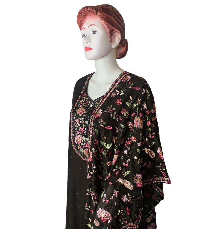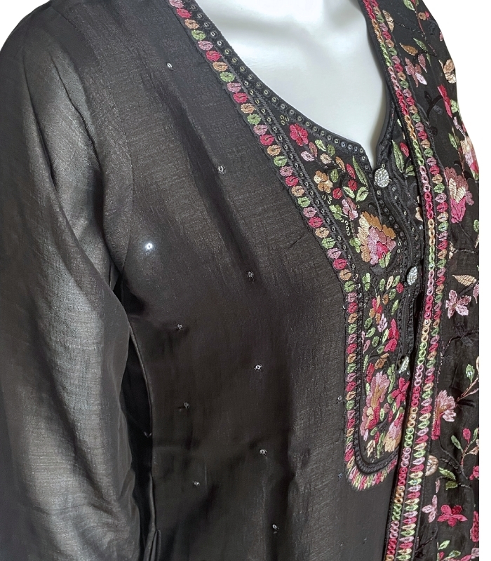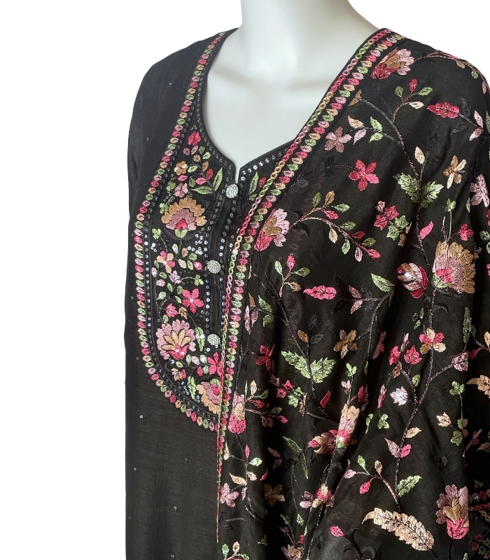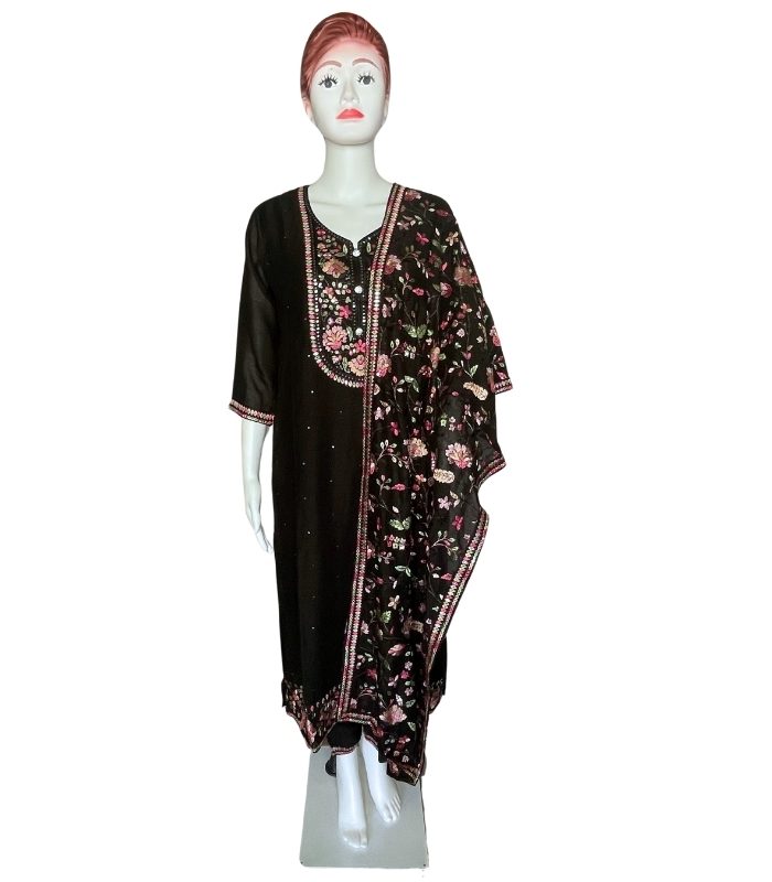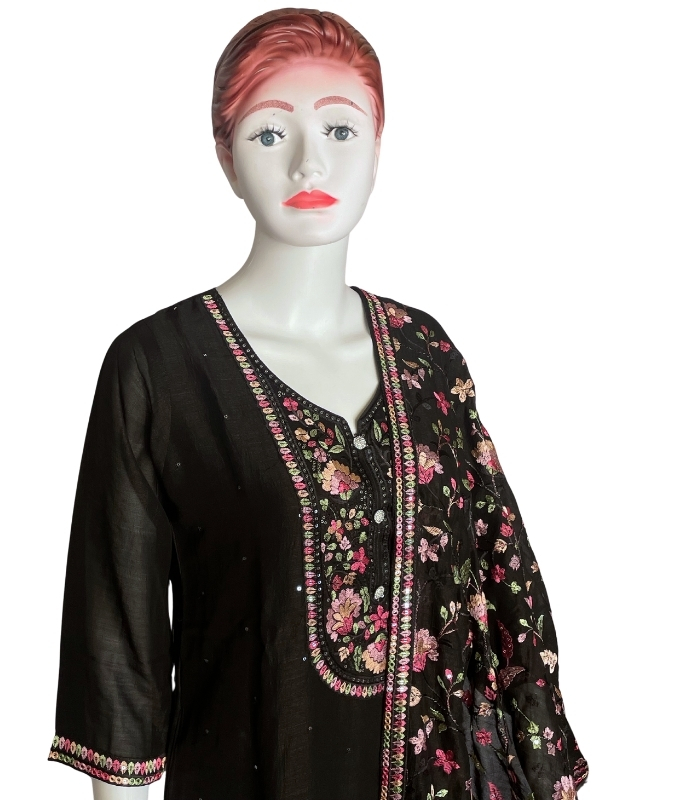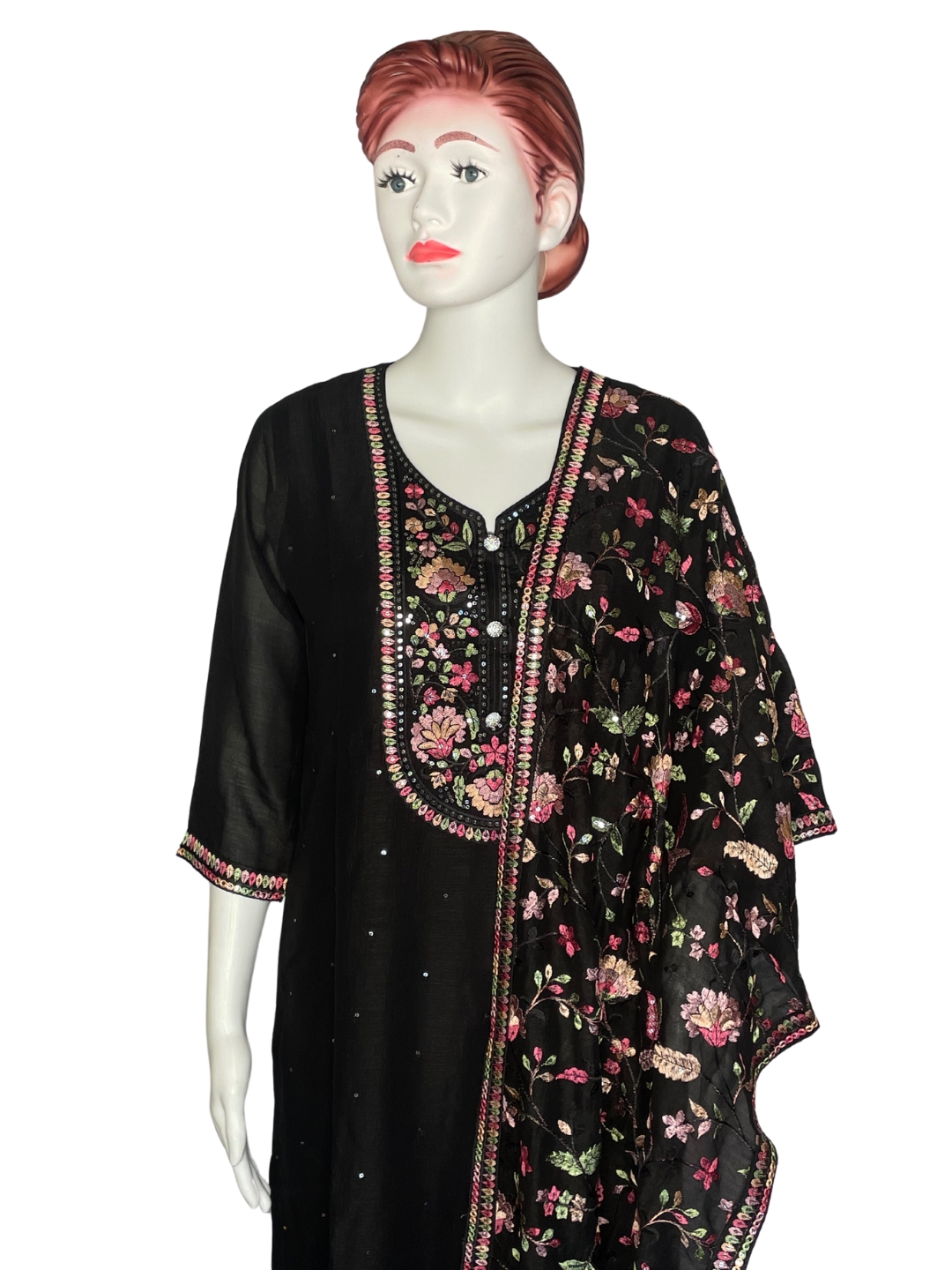 The 3-piece suit offers a perfect fit with its tailored design, suitable for various body types. The silk fabric ensures breathability and comfort, while the elegant black color enhances your silhouette, giving a timeless appeal. Whether you’re dressing up for a family function or a special evening, this black silk kurti set is bound to make you stand out. The detailing on the kurti and dupatta elevates the entire look, adding a designer charm that is both modern and traditional.
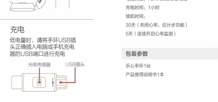 | 待机时间 | 30天(关闭心率,仅计步功能)5天(连续开启心率监测) |
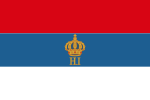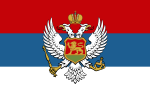 The historical war flags were the krstaš-barjak, plain flags with crosses in the centre. The Montenegrin war flag used in the Battle of Vučji Do (1876) was red with a white cross pattée in the centre and a white border, and this flag was adopted from the Serbian war flag in the Battle of Kosovo (1389) which found itself in Montenegro after surviving knights brought it there.[6] The same flag was used in Cetinje in 1878,[7] upon recognition of independence by the Ottoman Empire at San Stefano. According to the 1905 constitution, the national flag was a tricolour of red-blue-white,[8] which was the Pan-Slavic Serbian tricolour.[9]
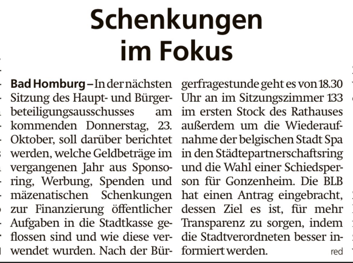 Bad Homburger Woche vom 21.10.25 21. Oktober 2025 Alexander Schön Presse, Pressespiegel Schenkungen im Fokus Bad Homburger Woche vom 21.10.25
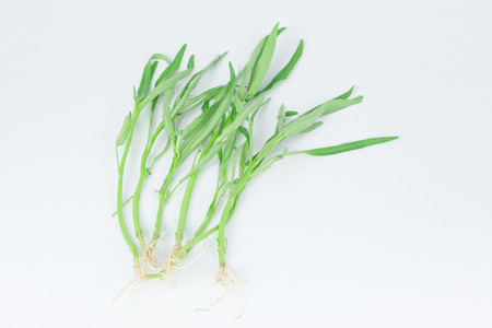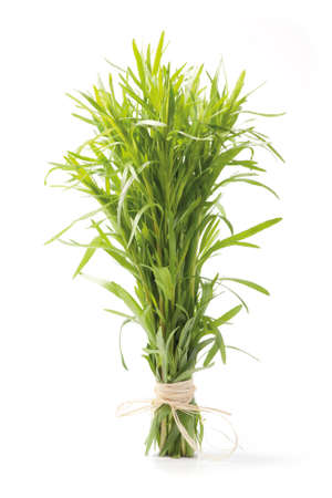 Fresh tarragon grass herb isolated on white background. macro photo.
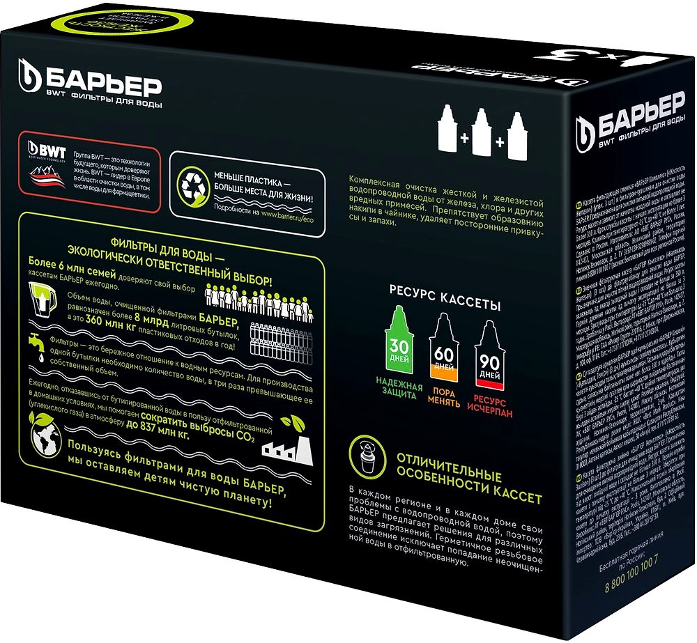 Кассета имеет уникальную технологию очистки: Технология NanoPlus: увеличивает сорбционную емкость активных компонентов кассеты. Смесь ионообменных смол: снижает общую жесткость. Кокосовый активированный уголь, обработанный серебром: предотвращает рост бактерий. Кокосовый активированный уголь: удаляет побочные продукты хлорирования. Ионообменное волокно: удаляет тяжелые металлы и растворенное железо. Фильтрующая кассета Барьер "Комплекс" (Жесткость/Железо) разработана на основе последних достижений в технологии очистки воды. В ней использованы наиболее эффективные материалы и компоненты. Тем не менее, ресурс кассеты ограничен, и для того, чтобы фильтр продолжал очищать воду с прежней эффективностью, кассету необходимо своевременно менять.
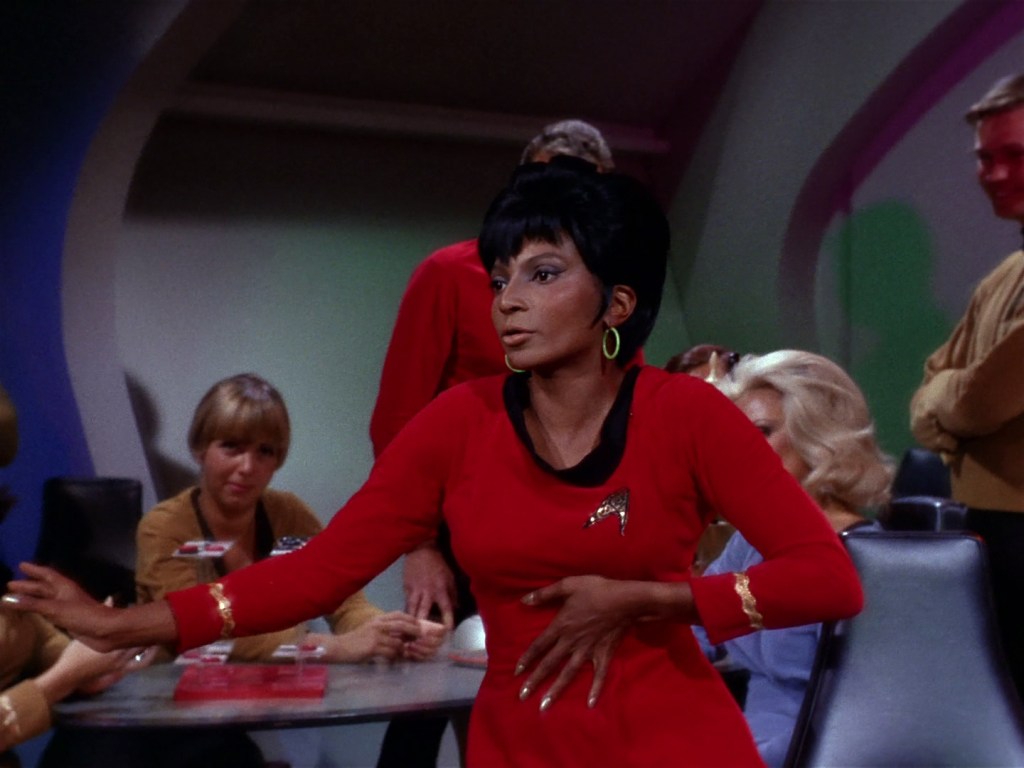 The other memorable costume in this episode is Rand’s pink nightgown. There is another woman crewmember wearing uniform pants in this episode. 5/5

■ ■ ■

# [Problem to work on]
Write out exactly the lines between the start of the data and the line with "待机时间 | 30天(关闭心率,仅计步功能)5天(连续开启心率监测) |", including both, but none of the pictures.

# [Completed task]
 The 3-piece suit offers a perfect fit with its tailored design, suitable for various body types. The silk fabric ensures breathability and comfort, while the elegant black color enhances your silhouette, giving a timeless appeal. Whether you’re dressing up for a family function or a special evening, this black silk kurti set is bound to make you stand out. The detailing on the kurti and dupatta elevates the entire look, adding a designer charm that is both modern and traditional.
 | 待机时间 | 30天(关闭心率,仅计步功能)5天(连续开启心率监测) |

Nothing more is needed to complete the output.